Increasingly restaurant menus in the US, UK and Europe offer mature beef and the older the better. Chefs Tomos Parry at Kitty Fishers and Nuno Mendes at Chiltern Firehouse promote consumption of ‘retired cattle’ at these two well known London destination restaurants.

Imported specialist cow beef from the Galician area in Northern Spain now graces finer UK dining menus. The meat comes from cull EU dairy cows brought into the region for several years of unhurried finishing post milk production. However, meat from native Galician Blond cattle upwards of 17 years of age is seen as the gastronomic pinnacle of beef best enjoyed old.

Trends are changing in the US as well. Though conventionally aged beef production remains prominent, consuming mature meat is gaining in popularity.

One business taking advantage and thriving is Mindful Meats in Point Reyes Station, California. Established in 2012, the company’s meat comes from certified pasture based organic GM-free dairy cattle reared in Western Marin and Sonoma Counties, Northern California also known as the epicentre of US organic dairy production.

Claire Herminjard, CEO and co-founder of Mindful Meats explained: “We stumbled on this source of beef that was pasture raised, organic and met our strong values around regional sourcing and distribution. It also ticked the boxes for dual-purpose animal agriculture. We’re able to offer a 93 per cent premium over current sale-yard prices to our producers making it an attractive option.”

Claire Herminjard, CO/Founder Mindful Meats

Mindful Meats was first in the US to offer GMO-free beef. Their testing service analyses high risk purchased feed consumed by their producer’s cattle – mainly alfalfa, corn and sugar beet pulp for any trace of GMOs.

Dairy cattle processed by Mindful Meats are hand picked on the farm - mostly Holstein, Jersey and Holstein X Jersey. The cattle are taken “as is” and payment is for hanging carcass weight.

To estimate potential meat yield, body condition is first visually assessed. Then every animal is photographed to enable carcass data to be cross-referenced post slaughter.

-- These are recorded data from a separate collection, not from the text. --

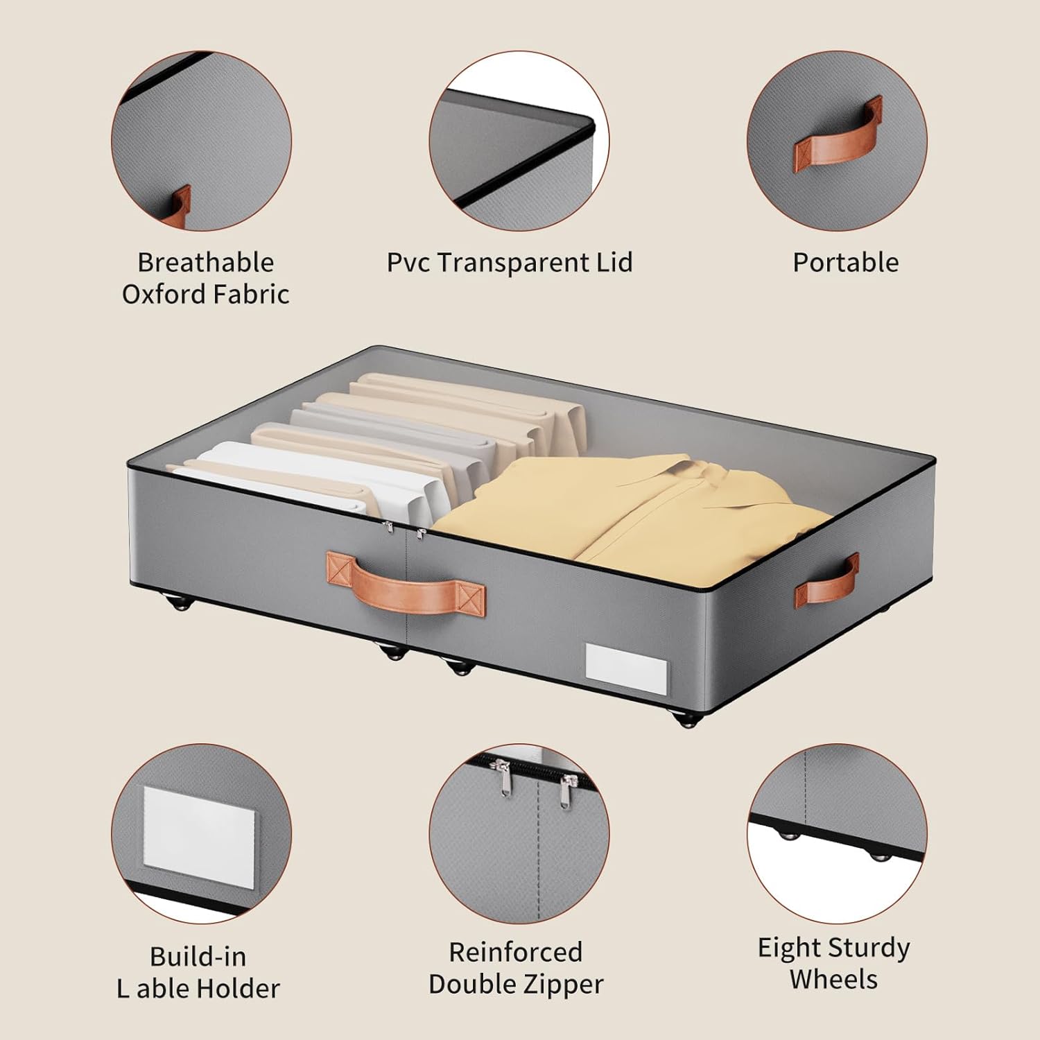 - [Strong Weight-Bearing Capability]: Made of durable oxford fabric, our underbed storage is built to withstand heavy weights. The bottom bracket is reinforced with hard wood, providing superior support compared to other elastic band structures. You can confidently store items weighing up to 40 pounds, such as books, However, when placing heavy objects above, please be careful to move slowly to prevent the wheels from being damaged by excessive lateral force!
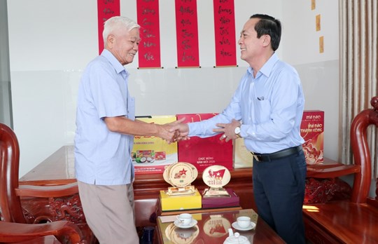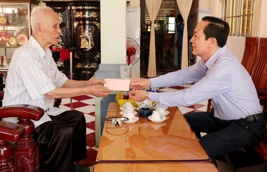 Phó Bí thư Tỉnh ủy Lâm Minh Đằng thăm, tặng quà ông Lâm Phú, nnguyên Ủy viên Trung ương Đảng, nguyên Phó Chủ nhiệm Ủy ban Dân tộc và Miền núi của Quốc hội.
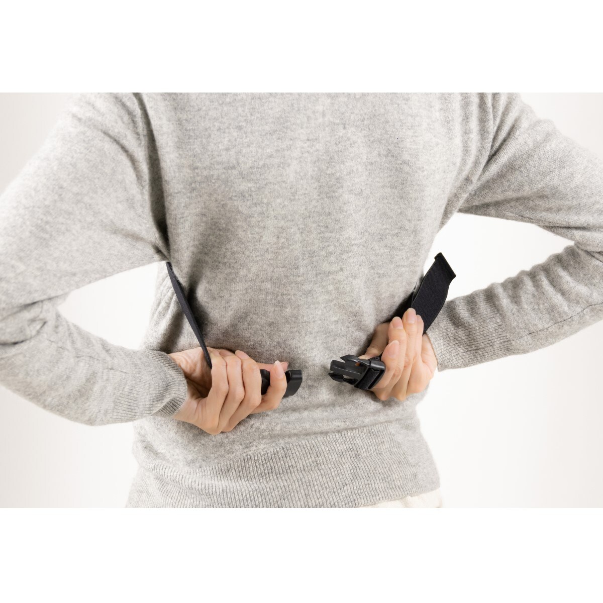 バックルでカチッと装着。体格や使用部位に併せてベルトの長さをバックルアジャスタで調整できます。
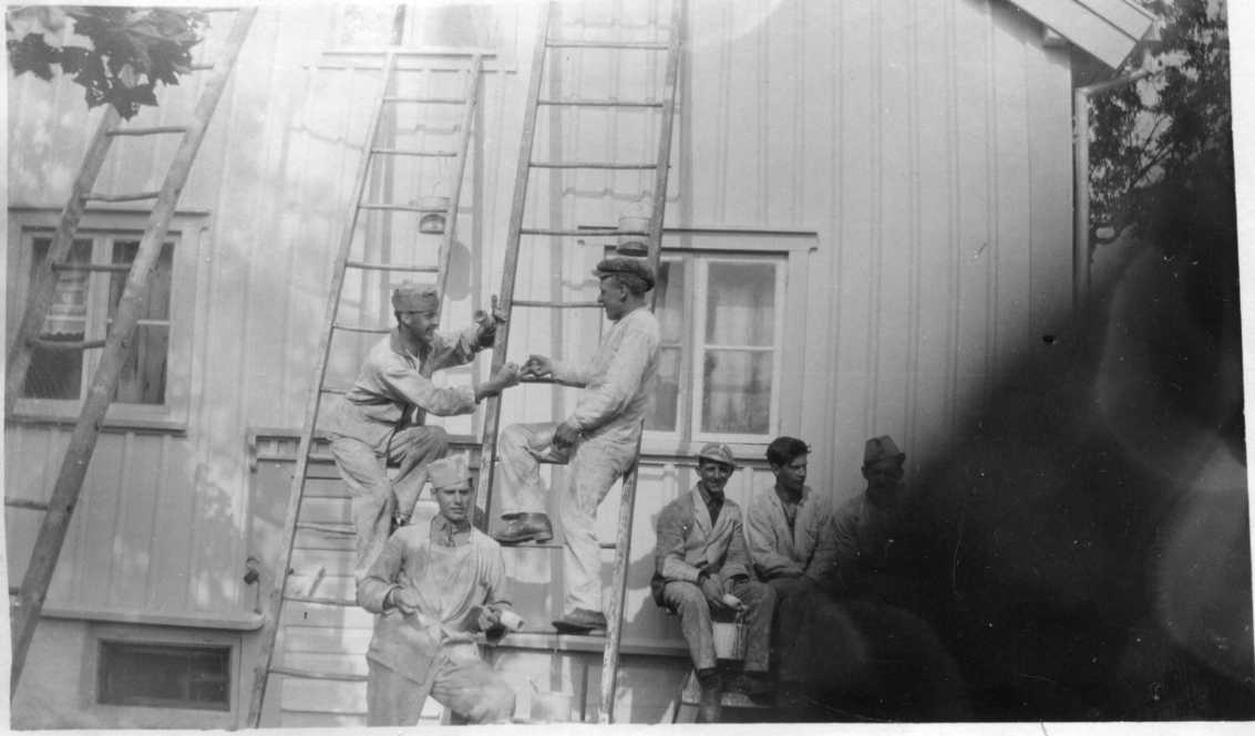 Sju målare vid stegar vid en husgavel. Två står på stegar och spexar.
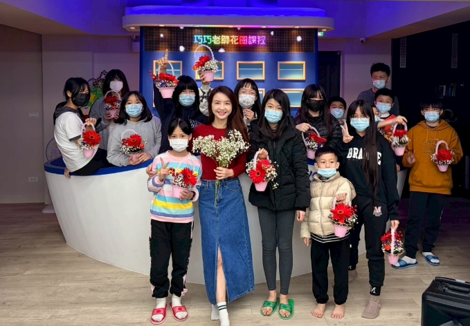 自立青年吳巧瀅帶領基隆家扶汐止服務處二十名兒少一起製作新年花圈。身為花藝師的她教導孩子挑選花材、搭配色彩與造型;兒少專注完成屬於自己的新年花圈。
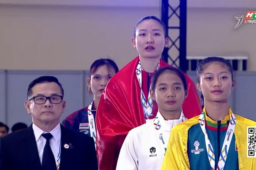 16h00: Một lần nữa quốc ca Việt Nam lại được vang lên, Đinh Thị Hương đứng trên bục cao nhất trong màn so tài Kumite -68 kg Nữ.
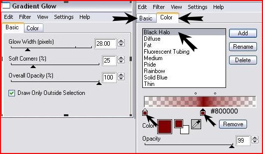 9 - Calques/NOUVEAU CALQUE 10 - Sélection/Sélectionner Tout 11 - Edition/Coller dans la sélection 12 - Sélection/Désélectionner 13 - Placer le mode de calque sur Exclusion 14 - Ouvrir l'image thinredlinesmall.jpg15 - Edition/Copier 16 - Revenir sur votre travail 17 - Edition/Coller comme nouveau calque 18 - Effets/ Filtre Eye Candy 4000/ Gradient glow avec ces réglages:
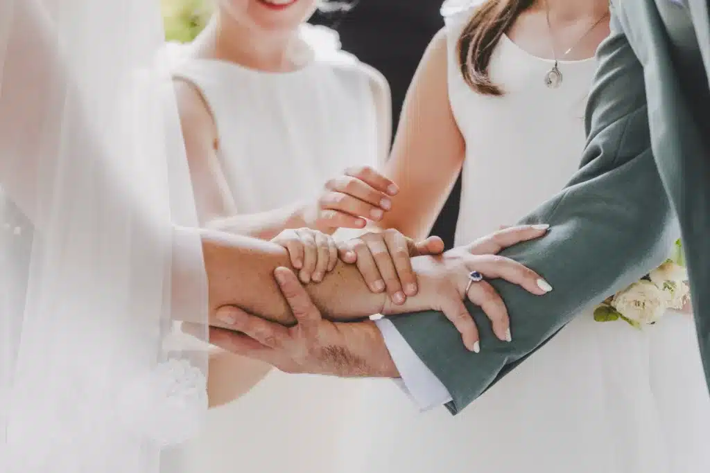 Que diriez-vous de proposer à vos proches de participer à un rituel par exemple ? Dans celui des rubans, ils noueront des liens autour de vos poignets pendant que votre officiant.e évoquera les valeurs représentées par ces rubans. Demandez aussi aux timides d’être les premières personnes à déposer la marque de leurs doigts sur l’arbre à empreintes. Si vous avez très envie de donner une place à votre grand-mère mais qu’elle préfère ne pas s’exprimer à voix haute, vous pouvez lui confier les alliances. Qui a dit qu’il n’y a que les enfants qui devaient apporter les anneaux aux mariés !

Carcass size/hanging weights, fat cover and muscle eye determine how the animal can best be utilised. The ability to reference historic data helps determine suitability for acquisition pre-slaughter.

Mindful Meat’s processor hangs the carcasses for 10 days typically before cutting and packaging for shipment. Another co-packer arranges dry aging of the beef for custom orders.

Boneless ribeye, New York strip and filet are the prime middle cuts sold to the restaurant trade. Because the USDA does not allow spinal material in cuts of meat over 30 months of age, T-bone and Porterhouse are not on offer.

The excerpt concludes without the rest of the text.